Sounds like its all going to plan. I think Met has kicked in with me now and is starting to make me lose weight. Remember last time when I didn't lose anything for the first 2 months, then all of a sudden I started losing weight. Must be the same this time. I will give it my best shot thats for sure!


----------



## scratch

just had an options hot chocloate with mint to keep the sweet cravings away. I am going to sort out a pencil drawing of Hash and dd for my mum for xmas. That should take my mind off food!!


----------



## Witchie Poo Cat

Hello Girls

Just wanted to pop on and say how proud I am of all of you for sticking to your diets so well despite illness, tempation and boredom (oh, and hunger and cravings too! lol).  Give yourself a huge pat on the back and treat yourself to something non-food like some new gossip mags, a bubble bath, face cream or something - you all deserve it 

Just so you all feel like your eating LOADS, heres what I have in a typical day:

Brekkie - Slimfast Shake (chocolate flavour)
Lunch - ooohh, Slimfast Shake (chocolate flavour)
Dinner - Tesco healthy ready meal of 500 cals or less
snacks - 1 or 2 apples

I know, I know, your all jealous of the wonderful food Im eating every day, all that luxury  

Enjoy every mouthful of every meal and remember girls to eat slowly - your stomach doesnt signal your brain that its had enough until about 20mins after you finish eating (unless your me in which case the signal never makes it  )

Keep up the good work diet buddies.  I feel like we should have one of those thermometer things with the total amount of weight all of us have to lose and the line that shows where we are up to so far, that would make us all feel great and motivate us to keep going


----------



## flowerpot

kerry, did you lose last week hun?  keep up the good work.
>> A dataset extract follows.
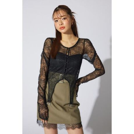 【繊細なレースを使用したデザイントップス】■ポイントストレッチのきいた繊細なレースを使用した春らしいシアートップスが完成しました。裾にはアクセントを効かせるためにシルバーを付け、モード×フェミニンな印象に。■ディテール前後2WAYで着用可能なデザインになっており、くるみ釦を見えるようにしてエレガンスな印象に。シンプルにフラットな面を前側にしてレイヤードコーデなど様々な着方でスタイリングを楽しめます。■スタイリング裾のパーツを活かしてアウトコーデがおすすめ。シンプルにデニムに合わせても◎タイトスカートやマーメイドスカートとの合わせもおすすめです。■生地透け感:あり裏地:なし伸縮性:あり光沢感:なし厚さ:薄手■商品のお気に入り登録お気に入りアイテムの再入荷・在庫1点などの通知を受け取ることができます。[注意事項]※画像の商品はサンプルです。実際の商品と仕様、加工が若干異なる場合があります。※画像の商品は光の照射や角度、お使いのモニター環境により、実物と色味が異なる場合がございます。※着用、お取り扱いの際は、アテンションタグをご確認ください。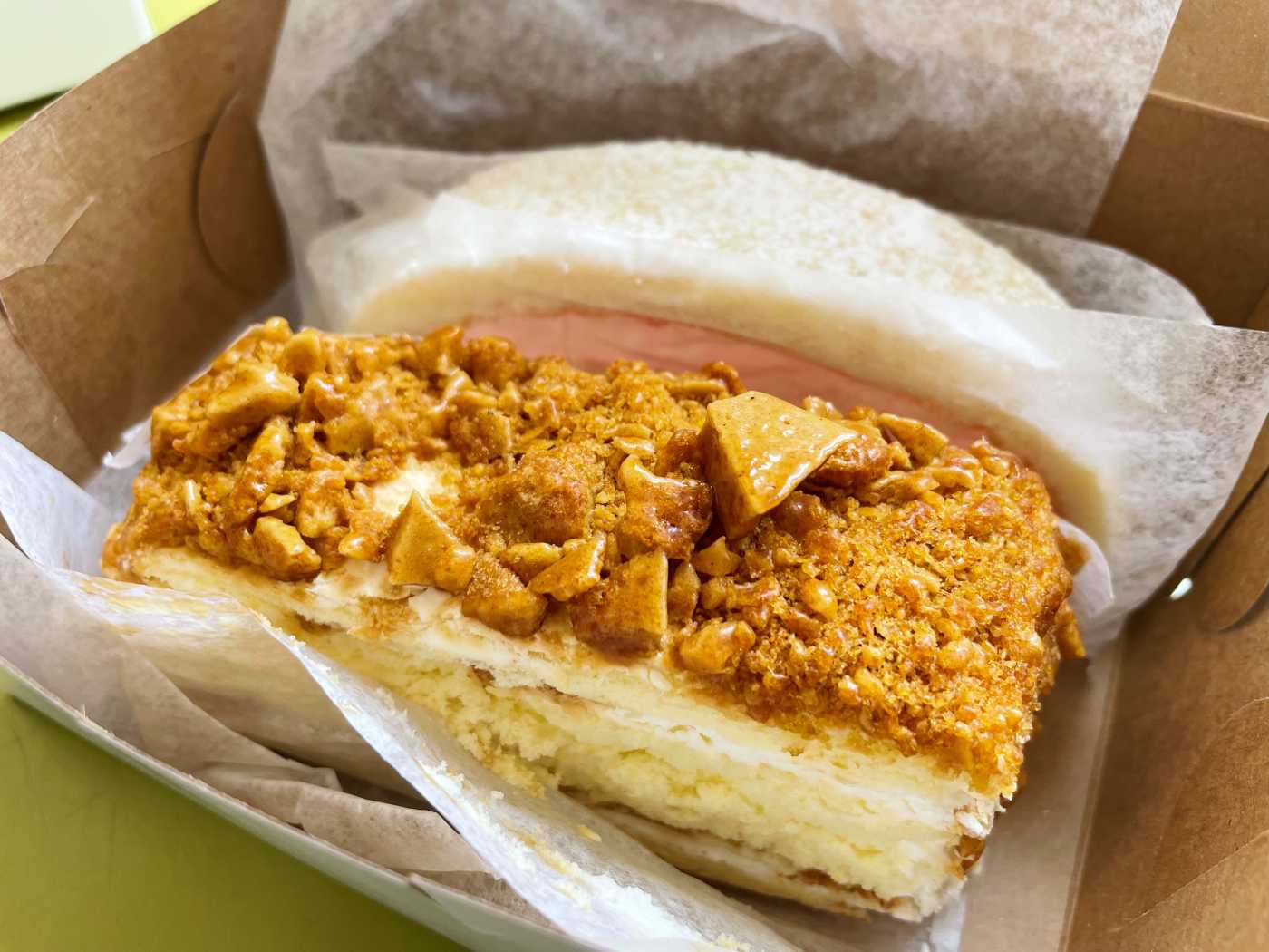 "The coffee crunch cake from Yasukochi’s Sweet Stop is San Francisco dessert royalty. Each slice of light, airy cake is topped with honeycomb-like candy that adds the iconic sticky, crunchy texture. It’s one of the fantastic baked goods coming out of this tiny spot—another is the assortment of roll cakes filled with lemon or strawberry cream. Pay attention to those, because the sponge cake is some of the fluffiest in town. This bakery operates out of Super Mira Market, and is cash only, so come prepared." - julia chen 1, lani conway

I'm going back on Met, gonna build up very slowly again, starting on one tablet tonight (meant to do yesterday but tummy was off).  gynae said i could stay on it even after finishing the clomid x


----------



## scratch

managed to do my ticker god knows how to change it though!!


----------



## flowerpot

hey Sal thats a good un!


----------



## KerryB

Love the ticker Sal!  

Flower....I lost 3lbs I think, but weighed again (I know naughty ) on Sat/Sun and had lost more! It could just be my old scales playing with me though! Will wait till this Thursday and see what they say. Good luck woth the Met hun, I'm sure you'll be fine!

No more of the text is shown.